WHAT THE TASK REQUIRES: Repeat each entry below exactly, omitting any picture it holds.

RECORDS TO PROCESS:
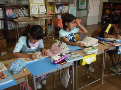 朝の読書タイムでは、自分で選んだ本を読んでいました。読んだ本の感想を「すいせん図書カード」に記入する子どももいました。
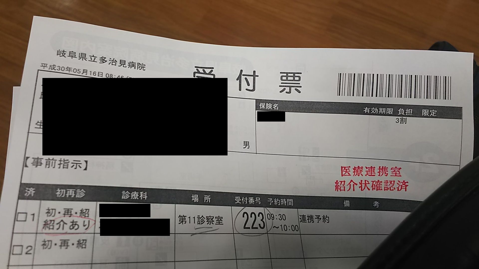 県病院に軽症の患者などが集まりすぎないように、基本的には町医者からの紹介状が必要な仕組みになっています。右側に赤いスタンプで「紹介状確認済」と押してあります。
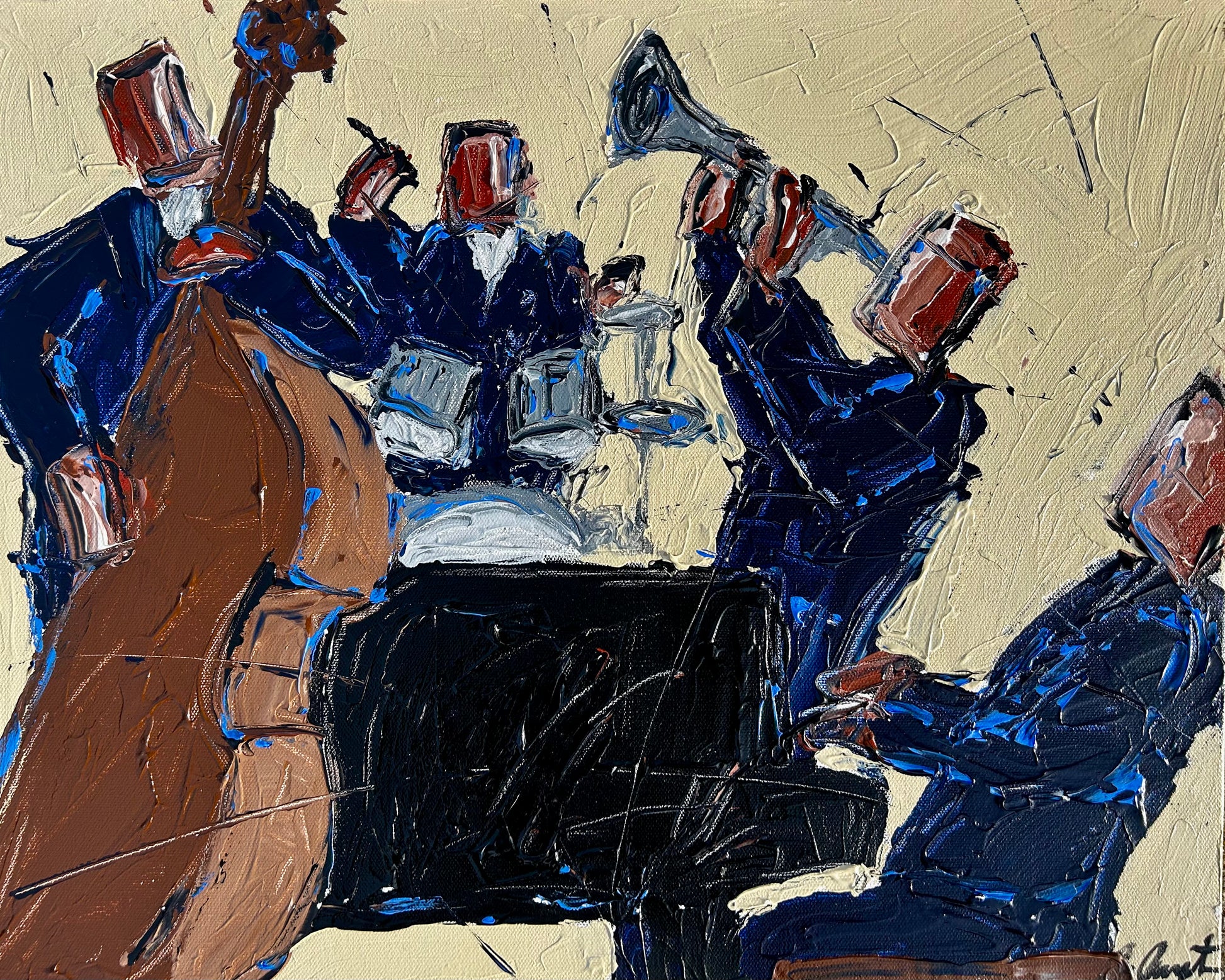 This 16x20 original painting captures the intensity of a small jazz combo deep into the night—when the room is quiet, the crowd is gone, and the music gets real. Heavy palette-knife strokes and thick acrylic layers give this piece weight and presence. You can see the pressure in the marks. Nothing is soft. Nothing is accidental.
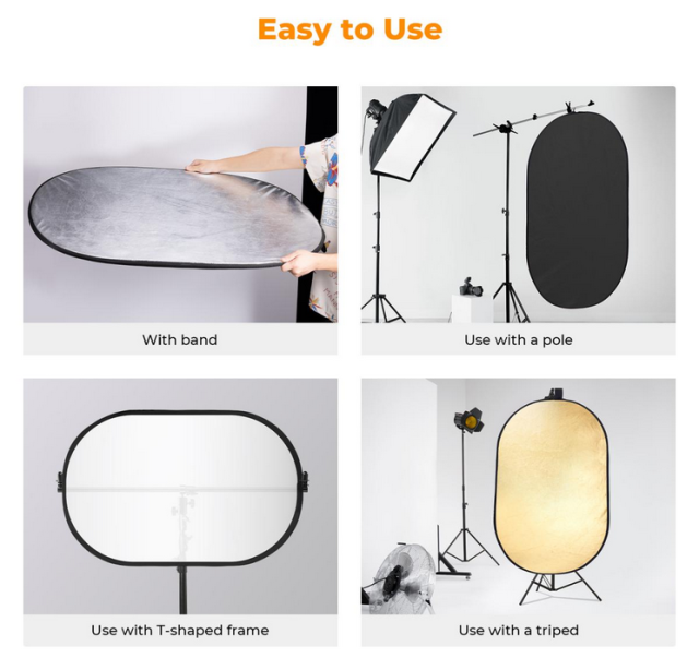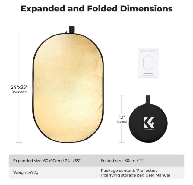 The K&F Concept 24" x 36" (60x90cm) 5-in-1 Oval Foldable Reflector offers versatile lighting effects with five coatings: gold, silver, white, black, and translucent. Lightweight and portable, it folds quickly for storage and travel, ideal for photographers seeking flexible lighting control.
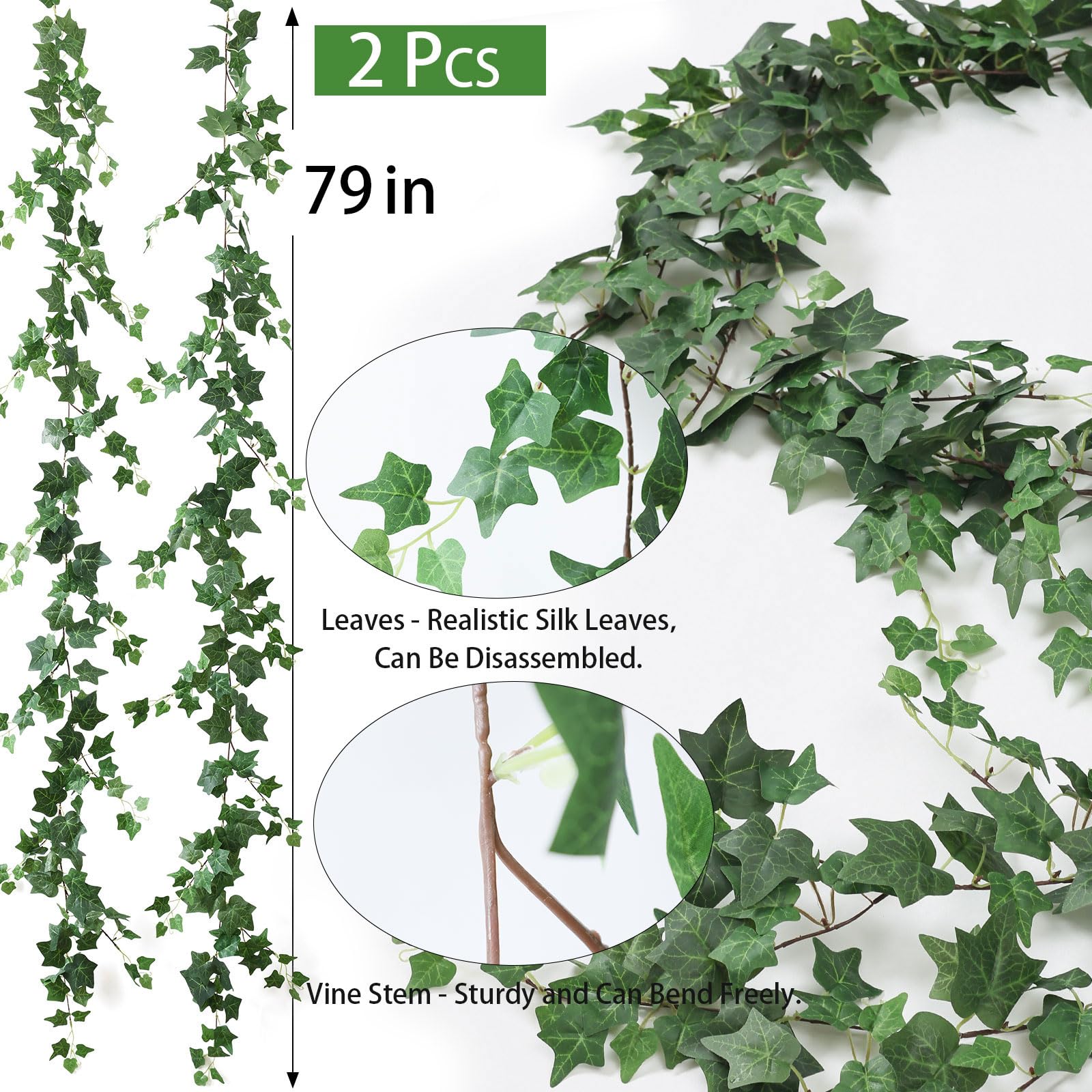 Vine Size - The packaging includes 2 bundles of artificial vines, each with a length of 79 inches. Each bundle of vines has 190 silk leaves, They have the same branching as real vines, which makes them look more realistic and full.
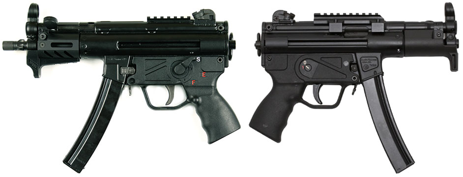 仿自MP5K的两个方案,左边是PTR公司的TR 9CS,右边是鼎盛枪械公司的Z-5K
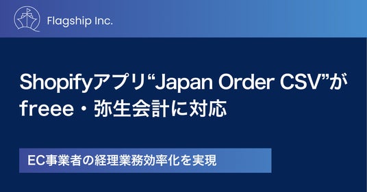 フラッグシップ株式会社(本社:東京都千代田区、代表取締役:神馬光滋、以下「フラッグシップ」)は、Shopify(ショッピファイ)向けアプリ「Japan Order CSV」において、フリー株式会社の「freee会計」および弥生株式会社の「弥生会計オンライン」に連携するCSVデータ出力機能(β版)の提供を開始いたしました。
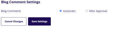 Blog comments can be toggled to post automatically or after approval via this section. Once you have changed the setting make sure to click the Save Settings button.
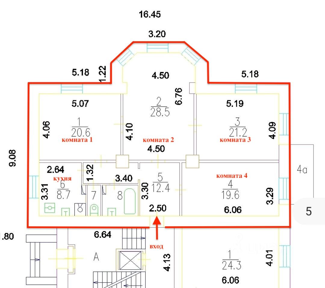 Продаётся 4-х комнатная квартира общей площадью 116,7 кв.м. Гостиная с эркером 28,5 кв.м. и три изолированные комнаты площадью 20,6 / 21,2 / 19,6 кв.м. Кухня 8,7 кв.м. Просторная прихожая Окна квартиры выходят на три стороны в тихий внутренний двор! Один взрослый собственник Без обременений Свободная продажа

YOUR SOLUTION:
 朝の読書タイムでは、自分で選んだ本を読んでいました。読んだ本の感想を「すいせん図書カード」に記入する子どももいました。
 県病院に軽症の患者などが集まりすぎないように、基本的には町医者からの紹介状が必要な仕組みになっています。右側に赤いスタンプで「紹介状確認済」と押してあります。
 This 16x20 original painting captures the intensity of a small jazz combo deep into the night—when the room is quiet, the crowd is gone, and the music gets real. Heavy palette-knife strokes and thick acrylic layers give this piece weight and presence. You can see the pressure in the marks. Nothing is soft. Nothing is accidental.
 The K&F Concept 24" x 36" (60x90cm) 5-in-1 Oval Foldable Reflector offers versatile lighting effects with five coatings: gold, silver, white, black, and translucent. Lightweight and portable, it folds quickly for storage and travel, ideal for photographers seeking flexible lighting control.
 Vine Size - The packaging includes 2 bundles of artificial vines, each with a length of 79 inches. Each bundle of vines has 190 silk leaves, They have the same branching as real vines, which makes them look more realistic and full.
 仿自MP5K的两个方案,左边是PTR公司的TR 9CS,右边是鼎盛枪械公司的Z-5K
 フラッグシップ株式会社(本社:東京都千代田区、代表取締役:神馬光滋、以下「フラッグシップ」)は、Shopify(ショッピファイ)向けアプリ「Japan Order CSV」において、フリー株式会社の「freee会計」および弥生株式会社の「弥生会計オンライン」に連携するCSVデータ出力機能(β版)の提供を開始いたしました。
 Blog comments can be toggled to post automatically or after approval via this section. Once you have changed the setting make sure to click the Save Settings button.
 Продаётся 4-х комнатная квартира общей площадью 116,7 кв.м. Гостиная с эркером 28,5 кв.м. и три изолированные комнаты площадью 20,6 / 21,2 / 19,6 кв.м. Кухня 8,7 кв.м. Просторная прихожая Окна квартиры выходят на три стороны в тихий внутренний двор! Один взрослый собственник Без обременений Свободная продажа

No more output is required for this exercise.